After each pass, the LDA model will output a "perplexity" score that measures the "held out log-likelihood". Perplexity is a measure of how "surpised" the machine is to see certain data. In other words, perplexity measures how successfully a trained topic model predicts new data. The model may be trained many times with different parameters, optimizing for the lowest possible perplexity.

In general, the perplexity score should trend downward as the machine "learns" what to expect from the data. While a low perplexity score may signal the machine has learned the documents' patterns, that does not mean that the topics formed from a model with low perplexity will form the most coherent topics. (See ["Reading Tea Leaves: How Humans Interpret Topic Models" Chang, et al. 2009](https://papers.nips.cc/paper/2009/hash/f92586a25bb3145facd64ab20fd554ff-Abstract.html).)



## Topic Coherence

The failure of perplexity scores to consistently create "good" topics has led to new methods in "topic coherence". Here we demonstrate two of these methods with Gensim but there are additional methods available. Ideally, a researcher would run many topic models, discovering the optimum settings for topic coherence.

Ultimately, however, the best judgment of topic coherence is a disciplinary expert, particularly someone with familiarity with the materials in question.

<font color='red'>Read more</font>

* ["Optimizing Semantic Coherence in Topic Models" Mimno, et al. 2011](http://dirichlet.net/pdf/mimno11optimizing.pdf)
* ["Automatic Evaluation of Topic Coherence" Newman, et al. 2010](https://mimno.infosci.cornell.edu/info6150/readings/N10-1012.pdf))


In [None]:
# Compute the coherence score using UMass
# u_mass is measured from -14 to 14, higher is better
coherence_model_lda = CoherenceModel(
    model=model,
    corpus=bow_corpus,
    dictionary=dictionary, 
    coherence='u_mass'
)

# Compute Coherence Score using UMass
coherence_lda = coherence_model_lda.get_coherence()
print('\nCoherence Score: ', coherence_lda)

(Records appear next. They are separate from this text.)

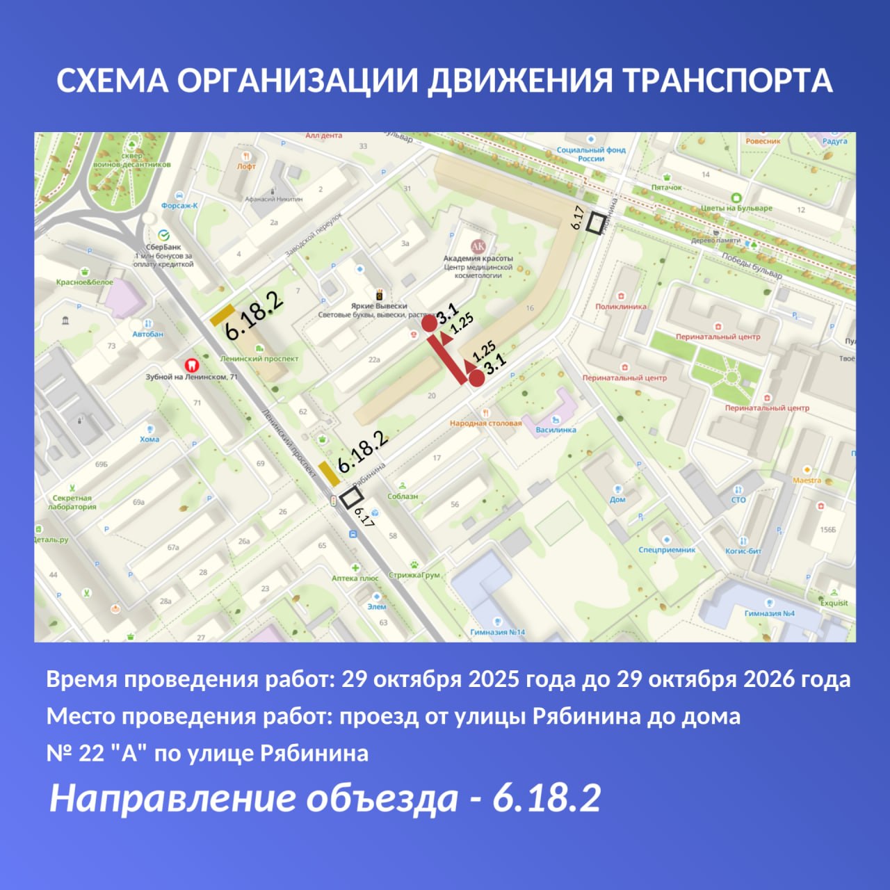 С 29 октября 2025 года по 29 октября 2026 года будет ограничено движение всех транспортных средств на проезде от улицы Рябинина до дома № 22 "А" по улице Рябинина, сообщают в администрации города.
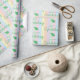 Green Seashells Happy Wedding Text Rainbow Striped Wrapping Paper
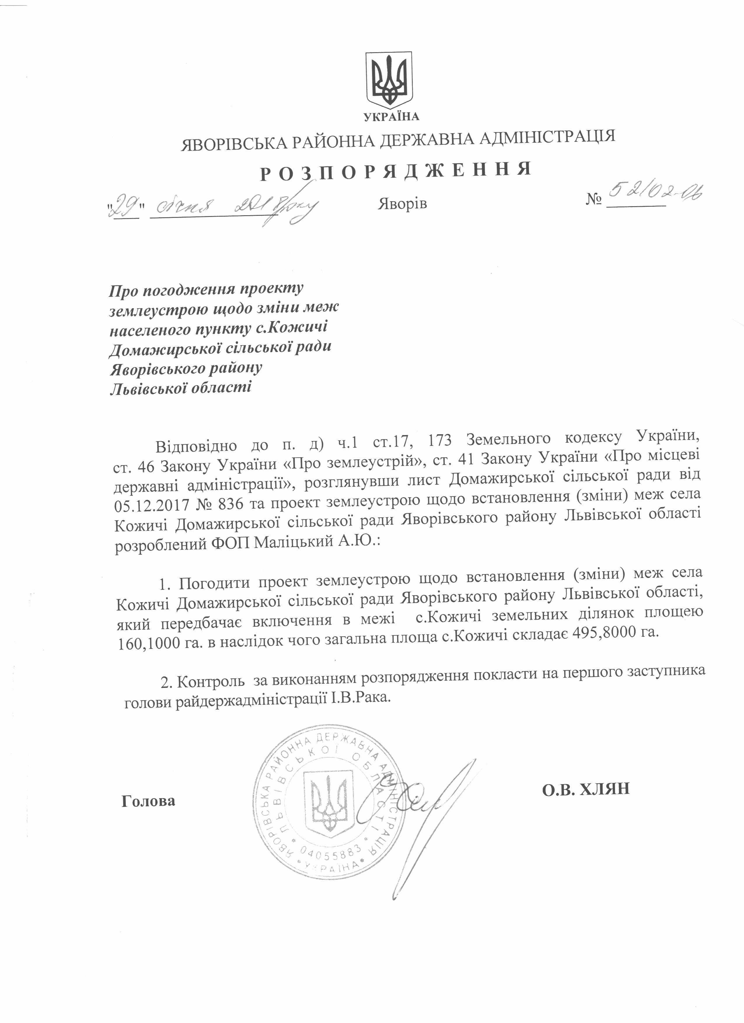 №52/02-06 2018-01-30 Про погодження проекту землеустрою щодо зміни меж населеного пункту с. Кожичі Домажирської сільської ради Яворівського району Львівської області
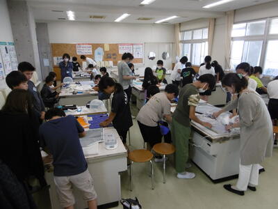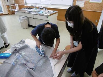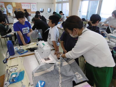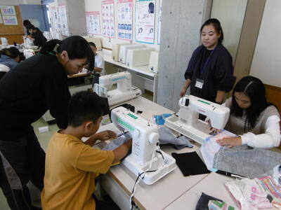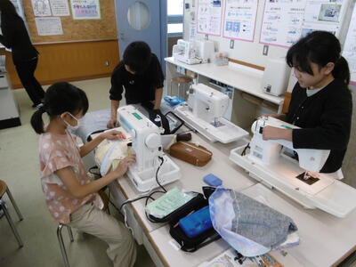 5年生では、家庭科の学習で「生活を豊かにするための布を用いた製作」として、エプロンづくりに取り組んでいます。製作をとおして、手縫いやミシン縫いなど、目的に応じた縫い方や用具の安全な取り扱いについて学びます。大多数の子どもたちは、ミシン縫いはもちろん、本格的な手縫いも初体験です。自分の体の大きさに合わせて、エプロンの丈を縫う位置を決めて、手縫いやミシ縫いにチャレンジ!最初こそ、かなり手間取っていましたが、「お手伝いボランティア」の保護者の方々が、一人一人を丁寧にサポートしてくださったおかげで、ミシン縫いにも少しずつ慣れ、楽しく取り組んでいます。子どもたちの力作が完成するのが楽しみです!ご多用の中、サポートをしていただいた保護者の皆様、ありがとうございました。
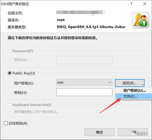 使用密钥对文件链接,选择刚下载的那个密钥对文件。然后确定。

## Display a List of Topics
Print the most significant terms, as determined by the model, for each topic.

In [None]:
for topic_num in range(0, num_topics):
    word_ids = model.get_topic_terms(topic_num)
    words = []
    for wid, weight in word_ids:
        word = dictionary.id2token[wid]
        words.append(word)
    print("Topic {}".format(str(topic_num).ljust(5)), " ".join(words))

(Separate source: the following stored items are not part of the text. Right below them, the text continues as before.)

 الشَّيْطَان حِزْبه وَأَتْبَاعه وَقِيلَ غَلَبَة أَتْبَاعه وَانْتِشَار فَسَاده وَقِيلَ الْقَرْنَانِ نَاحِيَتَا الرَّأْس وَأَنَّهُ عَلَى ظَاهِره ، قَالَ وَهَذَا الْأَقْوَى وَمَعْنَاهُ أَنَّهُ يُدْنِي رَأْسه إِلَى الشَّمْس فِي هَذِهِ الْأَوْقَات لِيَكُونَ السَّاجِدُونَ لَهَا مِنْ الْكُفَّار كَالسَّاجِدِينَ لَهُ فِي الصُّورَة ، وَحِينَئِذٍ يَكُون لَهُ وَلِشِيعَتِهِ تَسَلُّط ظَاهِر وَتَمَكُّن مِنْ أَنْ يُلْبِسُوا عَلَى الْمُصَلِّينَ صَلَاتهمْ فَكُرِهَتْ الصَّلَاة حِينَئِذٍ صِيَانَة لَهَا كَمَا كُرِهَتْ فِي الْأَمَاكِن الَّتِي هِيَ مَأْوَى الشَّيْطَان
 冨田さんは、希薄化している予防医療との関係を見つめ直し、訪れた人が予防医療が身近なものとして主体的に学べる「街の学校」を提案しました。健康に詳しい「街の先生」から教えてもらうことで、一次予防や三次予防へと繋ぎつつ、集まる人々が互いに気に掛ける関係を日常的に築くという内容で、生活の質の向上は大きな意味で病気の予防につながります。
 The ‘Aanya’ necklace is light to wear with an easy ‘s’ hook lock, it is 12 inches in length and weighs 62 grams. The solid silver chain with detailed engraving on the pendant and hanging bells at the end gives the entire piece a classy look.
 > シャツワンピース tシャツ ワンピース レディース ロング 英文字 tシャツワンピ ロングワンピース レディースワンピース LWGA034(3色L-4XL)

## Visualize the Topic Distances

Visualize the model using [`pyLDAvis`](https://pyldavis.readthedocs.io/en/latest/). The visualization will be output to an html file in the data folder. (Right-click on the html file and choose "Open in New Browser Tab.")

Try choosing a topic and adjusting the λ slider. When λ approaches 0, the words in a given document occur almost entirely in that topic. When λ approaches 1, the words occur more often in other topics.

In [None]:
# Export this visualization as an HTML file
# An internet connection is still required to view the HTML
p = pyLDAvis.gensim.prepare(model, bow_corpus, dictionary)
pyLDAvis.save_html(p, './data/my_visualization.html')